● **TASK OBJECTIVE**
Please copy the listing that follows exactly, leaving out any pictures.

● **STORED DATA**

┄┄┄┄┄┄┄┄┄┄

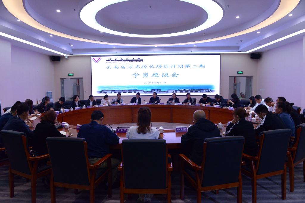 5月31日下午,蒋永文校长在德赢官网国家教师教育教学实验示范中心二区201会议室主持召开了“万名校长培训计划”第二期参训学员代表座谈会。校党委副书记张玮,副校长武友德,党委办公室、校长办公室、党委组织部、党委宣传部、教务处、信息管理处、保卫处、后勤保障处、本科教学质量监控与评估中心、教育科学与管理学院、数学学院、物理与电子信息学院、成人继续教育学院、云南西南联大干部教育学院、万名校长培训计划项目办公室等单位负责人,20名学员代表、7名学委会代表参加了会议。
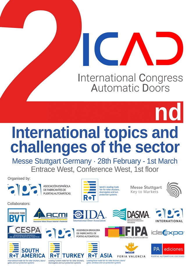 El 2º ICAD, CONGRESO INTERNACIONAL DE PUERTAS AUTOMÁTICAS tendrá lugar el 28 de febrero y el 1 de marzo de 2018, en el contexto de R + T 2018 en Stuttgart / Alemania. organizado conjuntamente por APA (Asociación Española de Fabricantes de Puertas Automáticas), R+T y Messe Stuttgart. Una vez más, el evento recibe el apoyo de asociaciones nacionales e internacionales de puertas automáticas. Sumándose en esta 2nd edición del ICAD la Confederación Española del Sector de las Puertas Automáticas (CESPA).
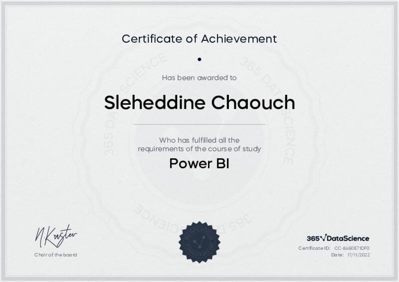 This user has been awarded the Power BI Certificate for successfully completing the course exam. Holding this certificate demonstrates their proficiency on the topic and signifies they are qualified to apply their newly acquired expertise in the fields of data analytics and data science.
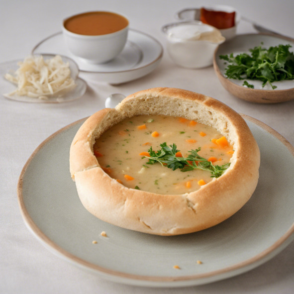 Суп в хлебе (Supă în pâine) – это изысканное блюдо румынской кухни, где суп сервируется в качестве варианта миски – внутри вырезанной хлебной корзинки.
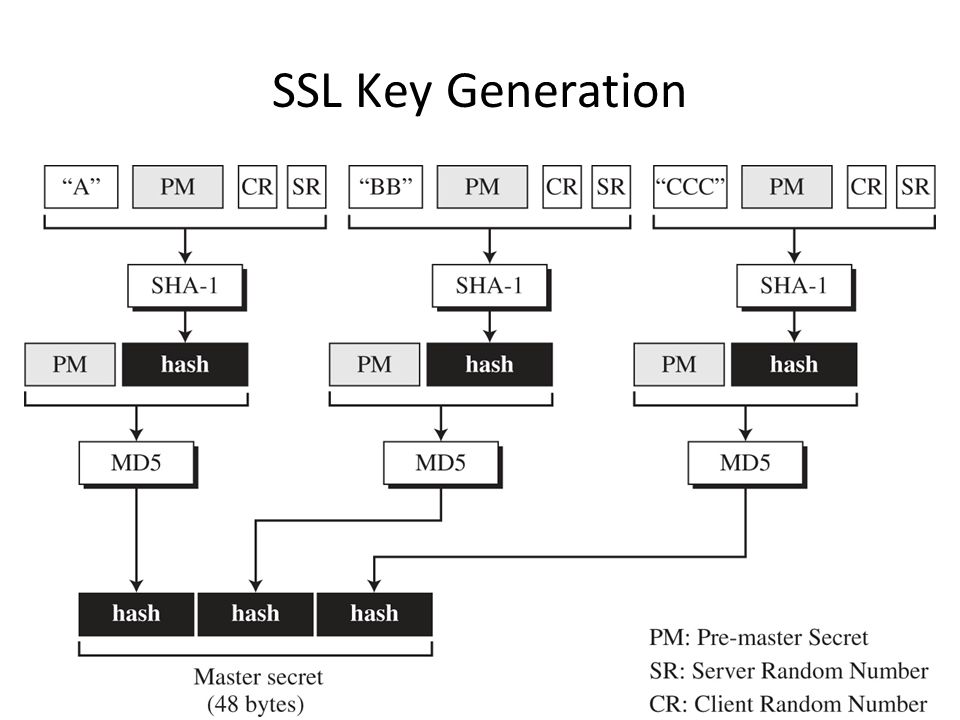 위의 과정을 이용하여 Master secret을 생성했다면, 이제 이 Master secret과 client random, server random을 이용하여 Key material을 생성한다.
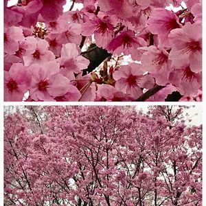 🌸桜巡り🌸 夫が綺麗だったよ、と言うので 午後から稲城市若葉台の南多摩尾根幹線通りへドライブ 濃いピンクの美しい陽光桜(ヨウコウ)が満開でした💕🌸💕 やはり2週間ほど早い 陽光桜(ヨウコウザクラ)は、「天城吉野(アマギヨシノ)」と「寒緋桜(カンヒザクラ)」との交配により生まれた、鮮やかな紅紫色で一重咲きの桜🌸
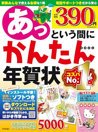 あっという間にかんたん年賀状 2024年版は、豊富なデザインと簡単操作でおしゃれな年賀状が作れるソフトです。テンプレートやイラストも充実しており、初心者でも楽しく作成可能です。
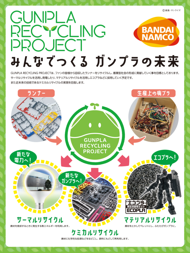 萬代南夢宮推出的「鋼普拉回收計畫」(GUNPLA RECYCLING PROJECT)已經在2021年4月1日正式啟動,該計畫旨在透過回收製作鋼普拉留下的廢零件框架來進行化學技術再生成另一種全新的組裝模型商品。(延伸閱讀)
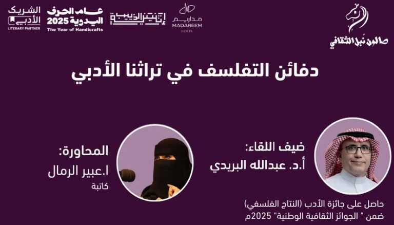 برعاية كريمة من إثنينية الذييب، يُقيم صالون نُبل الثقافي ضمن مبادرة الشريك الأدبي أمسية ثقافية بعنوان: دفائن التفلسف في تراثنا الأدبي، يوم الرابع من ديسمير 2025، الساعة الثامنة مساء في فندق مداريم. ضيف اللقاء: أ.د. عبد الله البريدي، الحاصل على…
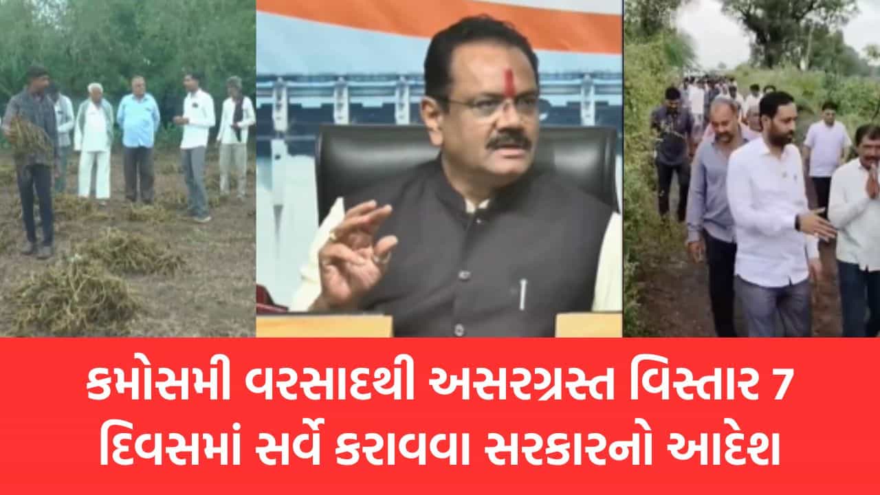 ગુજરાતમાં છેલ્લા બે-ત્રણ દિવસથી વરસી રહેલા કમોસમી વરસાદને પગલે, જગતના તાતના મ્હો સુધી આવેલ પાક ઉત્પાદનરુપી કોળિયો છીનવાઈ ગયો છે. ગુજરાતના ખેડૂતને થયેલા આર્થિક નુકસાનમાં મદદ કરવા માટે સરકારે આદેશ આપ્યા છે. મુખ્ય પ્રધાન ભૂપેન્દ્ર પટેલના અધ્યક્ષસ્થાને મળેલ કેબિનેટની બેઠકમાં અધિકારીઓને જરૂરી આદેશ આપવામાં આવ્યા છે. આગામી સાત દિવસમાં રાજ્યના 33 જિલ્લામાં 239 તાલુકામાં નુકસાન અંગેનો સર્વે હાથ ધરવા કહેવામાં આવ્યું છે.
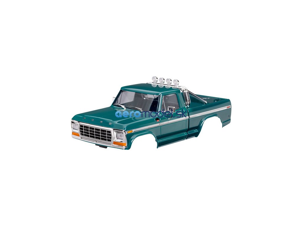 Traxxas karosérie Ford F-150 1979 zelená, pro RC model auta TRX-4M s delším rozvorem 162 mm (High Trail). Bez-sponková karoserie v měřítku 1:18 z ABS, kompletní, včetně mřížky chladiče, zrcátek, klik dveří, ochranného rámu, stěračů, bočních lišt a dalších detailů. Vyžaduje přední a zadní nárazník TRA9834.
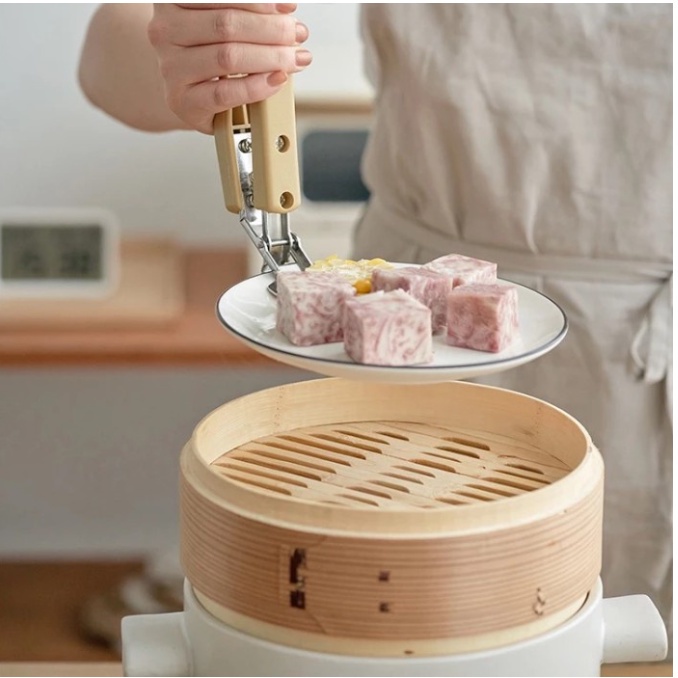 Alat penjepit dari bahan stainless steel untuk menjepit mangkok, panci, piring, yang panas. Kekuatan alat jepit ini mampu mengangkat beban hingga 8 kilogram.

┄┄┄┄┄┄┄┄┄┄

● **ANSWER SPACE**
 5月31日下午,蒋永文校长在德赢官网国家教师教育教学实验示范中心二区201会议室主持召开了“万名校长培训计划”第二期参训学员代表座谈会。校党委副书记张玮,副校长武友德,党委办公室、校长办公室、党委组织部、党委宣传部、教务处、信息管理处、保卫处、后勤保障处、本科教学质量监控与评估中心、教育科学与管理学院、数学学院、物理与电子信息学院、成人继续教育学院、云南西南联大干部教育学院、万名校长培训计划项目办公室等单位负责人,20名学员代表、7名学委会代表参加了会议。
 El 2º ICAD, CONGRESO INTERNACIONAL DE PUERTAS AUTOMÁTICAS tendrá lugar el 28 de febrero y el 1 de marzo de 2018, en el contexto de R + T 2018 en Stuttgart / Alemania. organizado conjuntamente por APA (Asociación Española de Fabricantes de Puertas Automáticas), R+T y Messe Stuttgart. Una vez más, el evento recibe el apoyo de asociaciones nacionales e internacionales de puertas automáticas. Sumándose en esta 2nd edición del ICAD la Confederación Española del Sector de las Puertas Automáticas (CESPA).
 This user has been awarded the Power BI Certificate for successfully completing the course exam. Holding this certificate demonstrates their proficiency on the topic and signifies they are qualified to apply their newly acquired expertise in the fields of data analytics and data science.
 Суп в хлебе (Supă în pâine) – это изысканное блюдо румынской кухни, где суп сервируется в качестве варианта миски – внутри вырезанной хлебной корзинки.
 위의 과정을 이용하여 Master secret을 생성했다면, 이제 이 Master secret과 client random, server random을 이용하여 Key material을 생성한다.
 🌸桜巡り🌸 夫が綺麗だったよ、と言うので 午後から稲城市若葉台の南多摩尾根幹線通りへドライブ 濃いピンクの美しい陽光桜(ヨウコウ)が満開でした💕🌸💕 やはり2週間ほど早い 陽光桜(ヨウコウザクラ)は、「天城吉野(アマギヨシノ)」と「寒緋桜(カンヒザクラ)」との交配により生まれた、鮮やかな紅紫色で一重咲きの桜🌸
 あっという間にかんたん年賀状 2024年版は、豊富なデザインと簡単操作でおしゃれな年賀状が作れるソフトです。テンプレートやイラストも充実しており、初心者でも楽しく作成可能です。
 萬代南夢宮推出的「鋼普拉回收計畫」(GUNPLA RECYCLING PROJECT)已經在2021年4月1日正式啟動,該計畫旨在透過回收製作鋼普拉留下的廢零件框架來進行化學技術再生成另一種全新的組裝模型商品。(延伸閱讀)
 برعاية كريمة من إثنينية الذييب، يُقيم صالون نُبل الثقافي ضمن مبادرة الشريك الأدبي أمسية ثقافية بعنوان: دفائن التفلسف في تراثنا الأدبي، يوم الرابع من ديسمير 2025، الساعة الثامنة مساء في فندق مداريم. ضيف اللقاء: أ.د. عبد الله البريدي، الحاصل على…
 ગુજરાતમાં છેલ્લા બે-ત્રણ દિવસથી વરસી રહેલા કમોસમી વરસાદને પગલે, જગતના તાતના મ્હો સુધી આવેલ પાક ઉત્પાદનરુપી કોળિયો છીનવાઈ ગયો છે. ગુજરાતના ખેડૂતને થયેલા આર્થિક નુકસાનમાં મદદ કરવા માટે સરકારે આદેશ આપ્યા છે. મુખ્ય પ્રધાન ભૂપેન્દ્ર પટેલના અધ્યક્ષસ્થાને મળેલ કેબિનેટની બેઠકમાં અધિકારીઓને જરૂરી આદેશ આપવામાં આવ્યા છે. આગામી સાત દિવસમાં રાજ્યના 33 જિલ્લામાં 239 તાલુકામાં નુકસાન અંગેનો સર્વે હાથ ધરવા કહેવામાં આવ્યું છે.
 Traxxas karosérie Ford F-150 1979 zelená, pro RC model auta TRX-4M s delším rozvorem 162 mm (High Trail). Bez-sponková karoserie v měřítku 1:18 z ABS, kompletní, včetně mřížky chladiče, zrcátek, klik dveří, ochranného rámu, stěračů, bočních lišt a dalších detailů. Vyžaduje přední a zadní nárazník TRA9834.
 Alat penjepit dari bahan stainless steel untuk menjepit mangkok, panci, piring, yang panas. Kekuatan alat jepit ini mampu mengangkat beban hingga 8 kilogram.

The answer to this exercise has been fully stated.